>Scara_Printer
Last Edit: Feb. 13, 2011, 10:03 p.m.
SCARA robot printer
I've wanted a 3d printer for a long time. I finally decided to get one, but I wanted to make it from scratch. Most of the current homebrew 3d printers are cartesian, where they move in the x,y plane with perpendicular axis (and for good reason, as you'll see in a bit). I decided to do something a little different. I went with a SCARA style arm.
First of all, here she is.
It's two HS-785HB servos with 4:1 gear boxes, some 1.5" angle aluminum I got from home depot and cut to length, and a serial controller. I'll talk more about the servo choice later.
I don't have an extruder yet, so I just hot glued an ink pen onto the end of the arm since I was so excited to test it out.
So the first thing I needed to do was figure out how to translate an x,y coordinate into a theta1, theta2 pair. This is... get ready for it... DUN DUN DUN... inverse kinematics (and forward kinematics is taking the two angles and returning an x,y pair.) A quick google didn't turn up any python inverse kinematics libraries, so I found some discussion on it and threw together a simple solver. Luckily it turns out to just be a little bit of trig, so it wasn't a big deal.
Now that I have the angles I need, I have to figure out how to tell the servos to go to those positions. When I ordered the servos, I got an 8-port servo controller that communicates over serial. It takes a number between 0 and 254 (255 is reserved for the control bit, so can't use that) and sends the correct pulse width signal to get the servo in the right position. More on that limitation later. The resulting control software can be seen here.

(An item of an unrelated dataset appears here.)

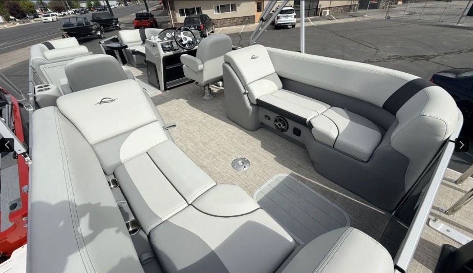 What Makes the 322RC Truly Exceptional Power & Performance : The 250HP Yamaha motor gives you serious speed and responsiveness, ideal for towing, wake-sports, or fast lake runs. Ski Tow Bar Included : Ready for all your towable toys from the get-go—tubes, skis, wakeboard—you name it. Generous Size & Capacity : Measures 22’6″ on the deck (package length ~31’6″), with overall width/beam 8’6″. Comfortably holds up to 11 people. Ample Fuel Capacity : 46 gallons of fuel onboard so you can go farther, play harder, and spend less time stopping. High-Quality Build & Attention to Detail : • Roto-molded furniture with rain-drain channels under cushions (keeps everything dry & clean) • Wrap-around lounges with under-seat storage—plenty of room for gear, coolers, toys, towels • Heavy-duty logs (23″×25″ “Jumbo” performance logs) with closed-cell flotation foam—solid flotation and stable ride • Wide-body design (8’6″ beam), premium deck & structural support (deck extrusions, through-bolts)—built for durability & smooth water time. • Comfort & convenience: Tilt steering, power assist hydraulic steering in higher trims, deluxe lounge layouts, built-in cooler under the bow corner, mood & courtesy lighting, full boarding ladder. Exclusive Offer - Only 2 Left of the 2025s We have only two of the 2025 322RC SunCatcher pontoons remaining—and they’re priced to move. If you want one with premium power, ski gear, plush seating, and a luxury finish, NOW is the time. Deals this good don’t last. Why You’ll Love Buying From Us - Immediate availability—skip the long wait for build orders. Fully loaded options already included: no surprises, just fun. Trade-ins & financing arranged easily. Don’t miss out—message me/talk to our sales team today to reserve one of these last two 2025 322RCs. Your summer is calling.

To test out the system, I decided I'd tell it to draw a square and see how it looked. This was the result:
Clearly, it needs some tuning. I thought about it for a while, and decided that the length of the sides was probably mostly dependent on having the correct arm length, so I set about tweaking the arm lengths until the sides were the right length. That solved the size problem, but I was left with a parallelogram. I tried a few things to fix this and almost gave up when it came to me: the angle is offset. I added an offset to the elbow axis and voila, a passable square.
It's not perfect, but I decided it would do. It wasn't the right size, but I kept the same arm ratio and changed the arm sizes until it was correct.
Now that it was dialed in, I decided to have it draw something and see how it looked.
Here's the sine wave it drew. The line running across the middle is the x-axis. Clearly quite jagged. Here's where the discussion of servo and controller choice comes in. The servos I got rotate 3.5 turns, and with the 4:1 ratio, that gives 315 degrees of rotation. The controller has a resolution of 255, so this gives a minimum angle change of 1.2 degrees. That might not sound like much, but here's what wolfram alpha says about it:
So you can see that at eight inches, 1.5 degrees gives a travel distance of 5mm, or roughly a quarter inch. So what I need to do is get a servo with a smaller travel distance. It will reduce the draw area, but I don't ever see a need to draw in a huge 300 degree range. If anything 180 degrees at the elbow, and 45 at the shoulder should be sufficient.
Also, to reduce the jitter, I would like to get an arduino and control the servos that way. The controller I have doesn't like to always move both servos at once and you can't control the speed from it.
The servos I got were also expensive for hobby servos at $40 vs around $15 for lower end ones. The gearboxes were $50 each, and you could build your own, but I do like these, they have dual bearings and zero play so that really helps support the weight of the arm. The whole thing cost about $260, so it's considerably cheaper than a cartesian like reprap (though not nearly as accurate, and I still need an extruder which is $150 over at makerbot, but that's still less than half the price.)